These algorithms are based on a different model, not SR or DSR.

9.​ DASH, Difficulty, Ability and Study History. This is an actual bona fide model of human memory based on neuroscience. Well, kind of. The issue with it is that the forgetting curve looks like a step function. There are also DASH[MCM] and DASH[ACT-R], but I won’t inlcude them in this article. You can read more here.

DASH (proper)

(ok, I admit, this diagram is a mess, but I don’t know how to make it clearer)

DASH, DASH[MCM] and DASH[ACT-R] don’t have state variables that are carried on between reviews, and they don’t process reviews sequentially, like SM-17/18 or FSRS. Instead, all past reviews must be processed in order to calculate the probability of recall.

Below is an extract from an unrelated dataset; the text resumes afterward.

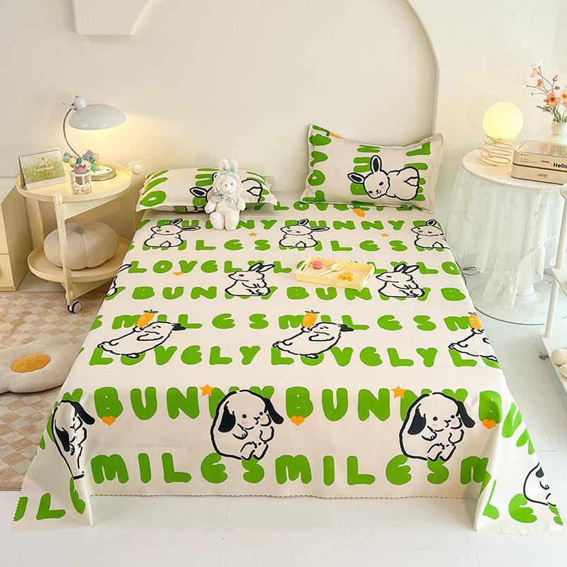 ins单件水洗棉印花单品床单磨毛学生宿舍芦荟棉单人双人被单粉色

10.​ ACT-R, Adaptive Control of Thought​ - ​Rational (I’ve also seen “Character” instead of “Control” in some papers). It’s based on a model of human memory that makes one very strange assumption: whether you have successfully recalled your material or not doesn’t affect the magnitude of the spacing effect, only the interval length matters. Simply put, this algorithm doesn’t differentiate between Again/Hard/Good/Easy. Notice that in the diagram below, grades are only used for calculating the loss function during optimization, but not used by the algorithm itself - no arrows come from “Grade”.

ACT-R (proper)

Below are some example forgetting curves.

Forgetting curves

The Y axis doesn’t start at 0.

These curves were plotted using default parameters, which have been obtained by running each algorithm on 10 thousand collections of Anki users. So what you’re seeing are “average” or “typical” curves. DASH’s curve looks like a step function, which goes against our human intuition and common sense. DASH[MCM] attempts to smooth it, but you can see that it’s not perfect. DASH[ACT-R] achieves a smooth curve.
Also, the probability of recall doesn’t start at 100% for DASH and ACT-R.

Neural networks

11.​ GRU-P (GRU stands for Gated Recurrent Unit). This neural network architecture is commonly used for time series analysis, such as predicting stock market trends or recognizing human speech. This implementation uses the SR model - it calculates memory stability as an intermediate variable.

GRU (proper)

GRU is also a recurrent algorithm, just like FSRS, even if the mathematical formulas are completely different. Its state is represented by an array with n numbers, where n is called the dimension of the hidden state. In this implementation n=2.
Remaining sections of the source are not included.